Patriarchy and Racism?
Spectator
Public school history teachers in some states have to be especially careful these days. Prohibitions now exist, or have been proposed, limiting how teachers can discuss race or gender and how both impacted our founding history.
Montana, South Dakota, Florida, Georgia, Utah, and Alabama either have, or are considering, laws making it impossible to honestly discuss our history of treatment of women and those minorities we brought here to enslave. Alabama, Florida, and South Dakota have also introduced proposals making discussions of gender so difficult it is impossible to tell our story accurately.
Some school boards and politicians now believe any discussion of race is the equivalent of “bringing critical race theory (CRT) into the classroom.” And gender issues now seem to terrify too many public school administrators.
Let’s start with the obvious: The United States was created by white men, most of whom were wealthy. That’s just a fact, so let’s take a look at the patriarchy issue first.
According to Oxford Languages, patriarchy is “a system of society or government in which men hold the power and women are largely excluded from it.” That seems clear enough, so let’s use 1788, the year the U.S. Constitution was ratified, as our starting point. Did we meet the Oxford definition?
In 1788, only men could vote (it would be another 132 years before women were allowed to vote) or hold political office. Married women could not own property or a business or be a lawyer or doctor (things were a little more lenient for widows and single women); only men could file suit; men maintained custody of children in the event of divorce or separation; only men could go to a university; men in most cases could not be charged with domestic abuse; and if a married woman had a job for which she was paid, her wages went directly to her husband. Let’s repeat that last one: In 1788, if a married woman had a job for which she earned wages, that money was paid not to her but directly to her husband.
That was absolute textbook patriarchy. To the extent women aided in the revolution, and many did, they did so in spite of men, not because of them.
That is a reality of our history, and to prohibit its teaching is to do a dishonest disservice to current and future generations. We also should teach that most of those barriers and restrictions placed in front of women have come down and are still coming down. That we aren’t done making progress is an important part of our ongoing history, too.

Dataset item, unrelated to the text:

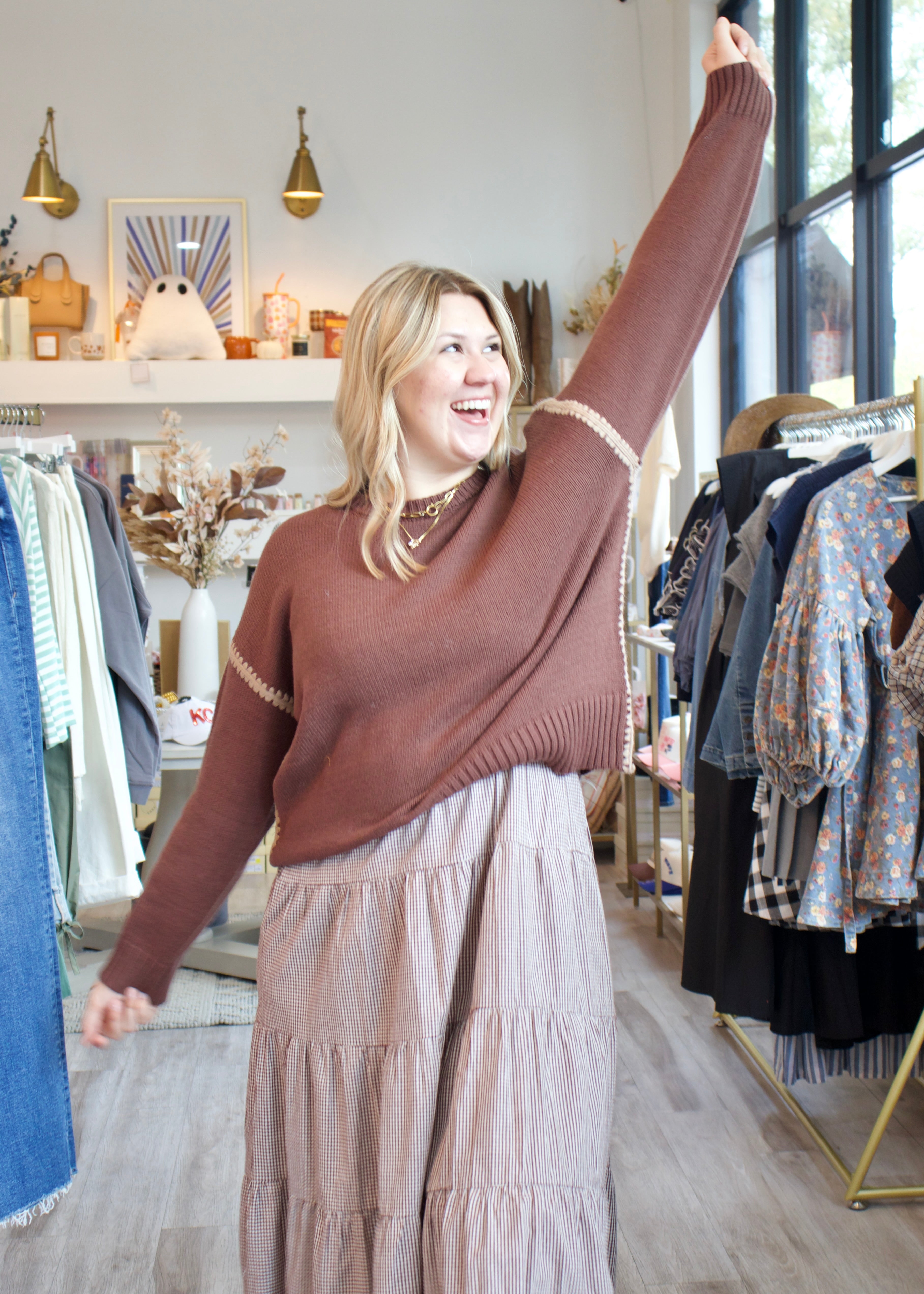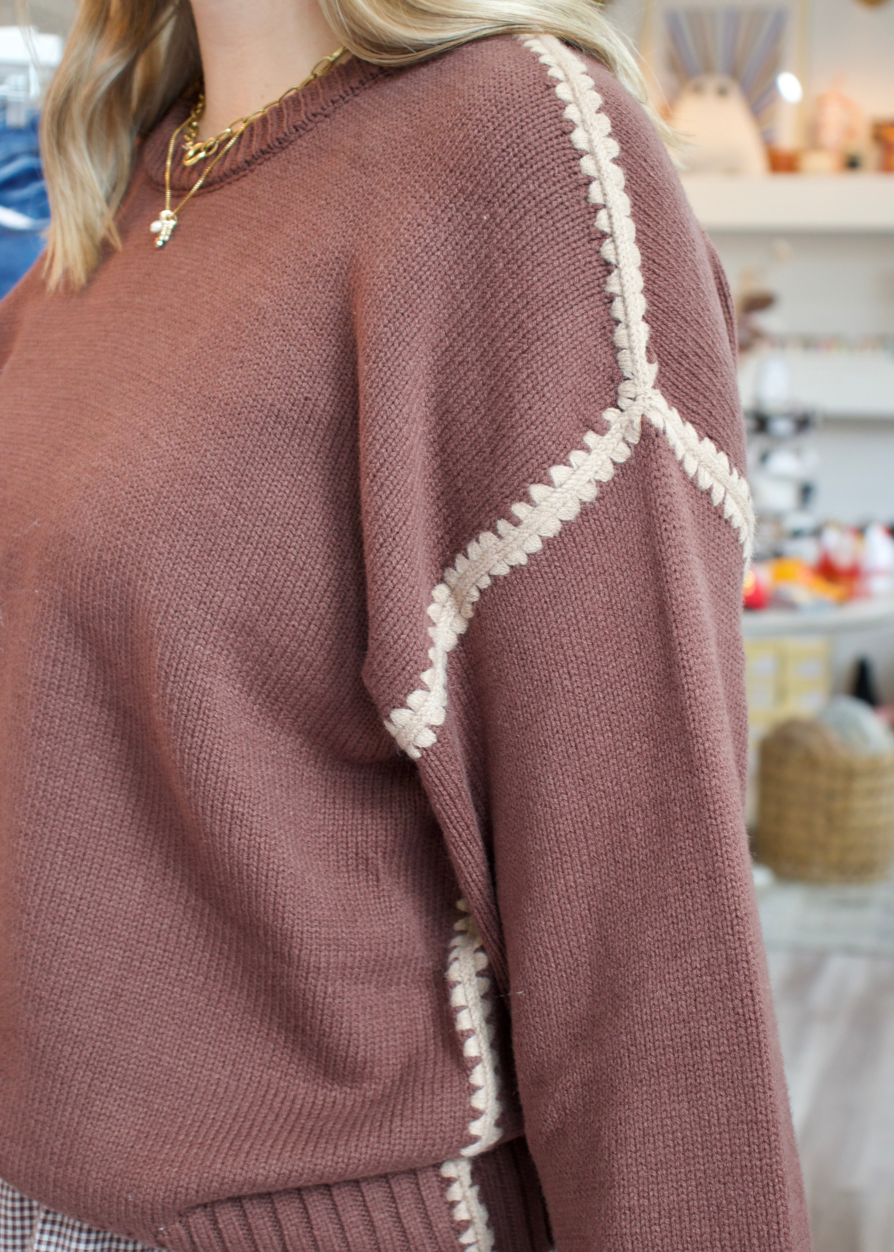 This Stitch Seam Sweater in rich chocolate offers a cozy yet stylish addition to your wardrobe. Crafted with attention to detail, its distinctive stitch seams create a subtle texture that elevates a classic silhouette. Perfect for layering or wearing on its own, this sweater delivers warmth and comfort without sacrificing sophistication. Embrace effortless style and all-day ease with this versatile piece.

Those arguing we were not and are not a racist country need to do some minimal reading—or maybe they just prefer ignorance to information.
In 1776, when we declared it to be a self-evident truth that “all men are created equal,” slavery was legal and slaves were owned in all 13 colonies. Of the 56 men who signed the Declaration, 41 were slave owners. By the time the U.S. Constitution was ratified in 1788, Pennsylvania, New Hampshire, Massachusetts, Rhode Island, and Connecticut had abolished slavery, but the federal government and its constitution had not.
According to the Gilder Lehrman Institute for American History, 25 of the 55 delegates to the Constitutional Convention were slave owners. The Constitutional Rights Foundation puts the number at 17, but they owned a shocking 1,400 human beings.
The Constitution itself explicitly approves slavery. Article I, Section 9, paragraph 1 prohibits Congress from banning the importation of slaves prior to the year 1808. And Article I, Section 2, paragraph 1 manages to fully dehumanize slaves by counting them as only three-fifths of a person during apportionment for taxation and representation purposes.
Ten of our first 12 presidents owned slaves; only John Adams and his son, John Quincy Adams, were not involved in direct slave ownership. George Washington and Thomas Jefferson continued owning slaves while in office. From 1789 through 1923, there were more than 200 members of Congress who were or had been slave owners. And according to the White House Historical Association, slave labor was key to the construction of both the White House and the U.S. Capitol Building.
Despite all of that, we didn’t get around to constitutionally banning slavery until 1865, 77 years after we ratified our constitution. All it took was a civil war and 700,000 deaths.
Yes, much progress has been made, and that is also an important part of our history. Our democratic republic was and is a noble experiment, but we have to be honest about both the patriarchy and racism of our darker beginnings.
Our public school history classes must include warts and all. To do otherwise disrespects those excluded in our past and does a disservice to those leading us into the future.